The affirmative defense strategy allowed opponents of medical marijuana to achieve what they couldn’t on election day — a fraudulent interpretation that allowed LEOs to continue arresting and charging people as if Proposition 215 had never passed.
You also assert in your blog: “…federal law supersedes the voters’ decision and says, “No way,” invalidating the state law.”
That statement by you places you, and every other state official who uses this bogus argument to attempt to nullify the will of the People of California, in direct conflict with our California Constitution, the highest law in our state.
According to the California Constitution, such actions are clearly prohibited. Under Article 3, Section 3.5 (c) An administrative agency, including an administrative agency created by the Constitution or an initiative statute, has no power: “To declare a statute unenforceable, or to refuse to enforce a statute on the basis that federal law or federal regulations prohibit the enforcement of such statute unless an appellate court has made a determination that the enforcement of such statute is prohibited by federal law or federal regulations.” (Source: http://www.leginfo.ca.gov/.const/.article_3)
The US Supreme Court has had three opportunities to declare the Compassionate Use Act unconstitutional, yet they have not only refused to do so, their legal decisions have clearly upheld that the People of California had every right to pass and enforce the CUA as a state law.

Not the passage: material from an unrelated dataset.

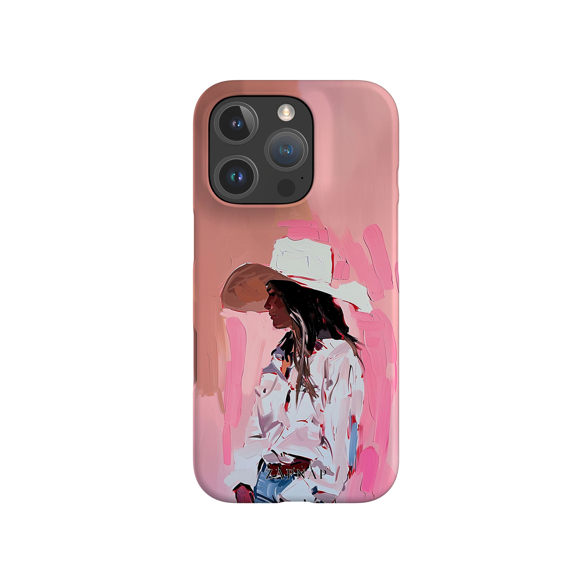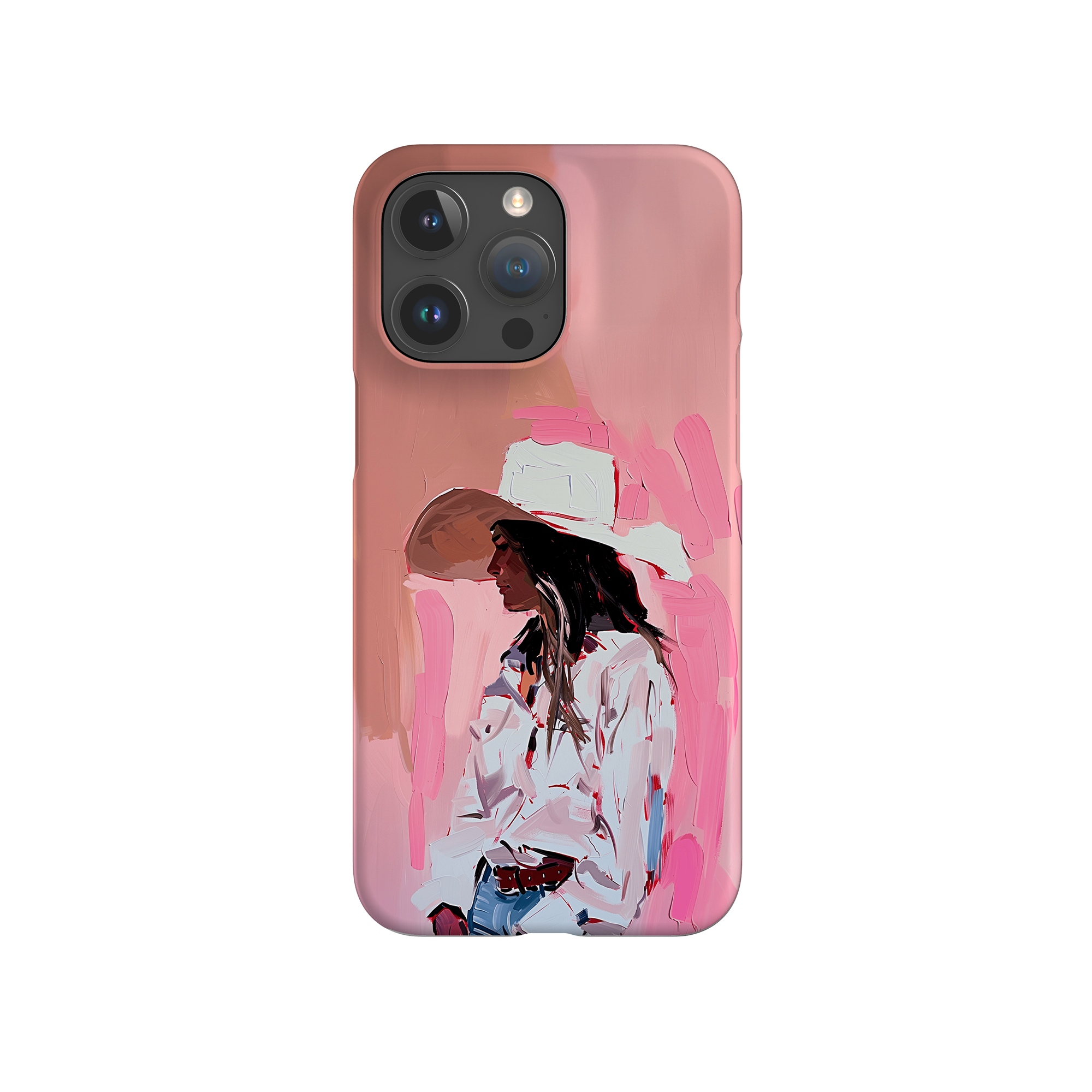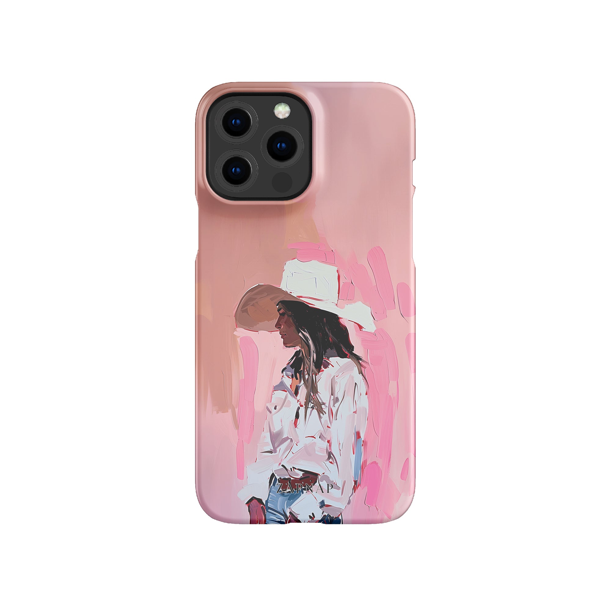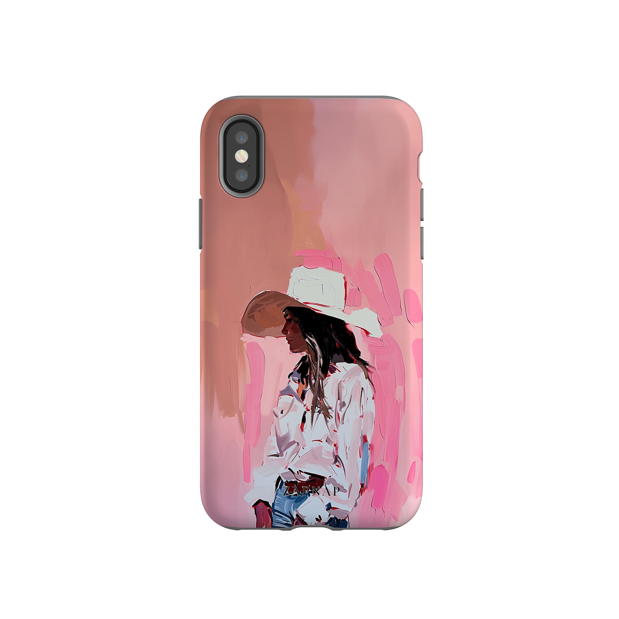 Texas Serenade portretteert een contemplatieve cowgirl, die de essentie van stille kracht en gratie vastlegt tegen een achtergrond van zachte, vloeiende roze tinten. De subtiele penseelstreken benadrukken haar evenwichtige houding en de tijdloze geest van de Lone Star State.

Oh yes, one more fact that everyone MUST understand about the Compassionate Use Act. The California Constitution also requires that any changes to a voter initiative must be submitted to the voters of the state and approved by them. Thus, no Board of Supervisors, nor Sheriff, nor District Attorney, nor Sacramento Police Department, nor Legislature, nor Attorney General, nor Governor has the legal right to change the state’s medical marijuana law. ONLY the voters can change or modify this law.
Sick, disabled and dying patients throughout California are still being raided by SWAT teams, arrested, jailed, humiliated, treated like criminals, bankrupted, children abducted by CPS and made even sicker, because of those who are still deliberately opposing this law, eleven years after the People of California voted to EXEMPT patients and caregivers from criminal penalties and sanctions.
It is time to separate OPINION from FACT and uphold the Compassionate Use Act as it was written and passed by the People of California.
Officer Michelle, the lives of sick, disabled and dying patients are in the hands of dedicated and otherwise well-intentioned officers like yourself. Those who read your words on an official police website, need to hear directly from you that the information you gave them was wrong and is actually part of an carefully crafted plan hatched by Attorney General Dan Lungren, under color of law, to subvert a law that police don’t like.
We hope you will do the right thing and publish a retraction to your unfortunate and harmful essay.